I was reminded of this when Amanda Vickery tweeted about favourite children’s book illustrators and the article in the Guardian, and I thought of how much my son’s drawings have lately reminded me of Lofting’s, and how much he and I love the books. Yes, they’re racist, and they are of their time. They’re mild fantasies, they’re anthropomorphic, they’re silly, and at a certain level, misogynistic (see the treatment of Sarah Dolittle, the doctor’s sister). But really, don’t you want a duck to be your housekeeper?

20121210-184422.jpgLofting, born in England in 1886, studied there before coming to America to study civil engineering at MIT in Cambridge, MA. The clear line of his Puddleby drawings are infused with the drafting he could have learned as an engineer. He served with the Irish Guards on the Western Front during World War I, and the Dr. Dolittle stories grew from the letters he wrote home to his children.

As a child, Dr. Dolittle had all the things I liked: talking animals, adventures, English villages and cities, and a wardrobe from the past.

My son likes Dr. Dolittle because the stories are about things he’d like to doing: “talking to animals, going on wild adventures, doing all this crazy stuff, and going with the flow.” He says the stories inspire him to learn about animals, and “to get out there and be with them..” (I assume he means at Coggeshall Farm). Dumber, beware.

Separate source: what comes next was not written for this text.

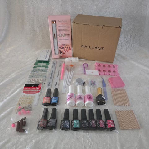Nails Inc. neglepleie sett som inkluderer UV-lampe, neglelakk, neglefil, neglebåndsverktøy, og diverse tilbehør for neglepleie. Produktet er egnet for hjemmebruk og inneholder flere komponenter til neglebehandling.
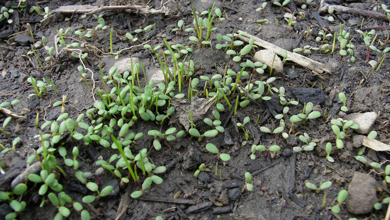 ずいぶんたくさん芽が出てきました。洋芝とシロツメクサの混合です。

Lofting moved his family to Connecticut after he was wounded in the war, and died there in 1947. Most of the books he wrote were published in the 1920s, though some anthologies of stories were published posthumously. An inveterate (congenital?) literary snob, I considered the posthumous works rather lesser, even as I read them several times.

Whether you approve of him or not, Lofting remains one of the gentle fabulists of the early 20th century, and the fact that my son reads him today is testament to the staying power of gentle, animal-centric fabulist fiction.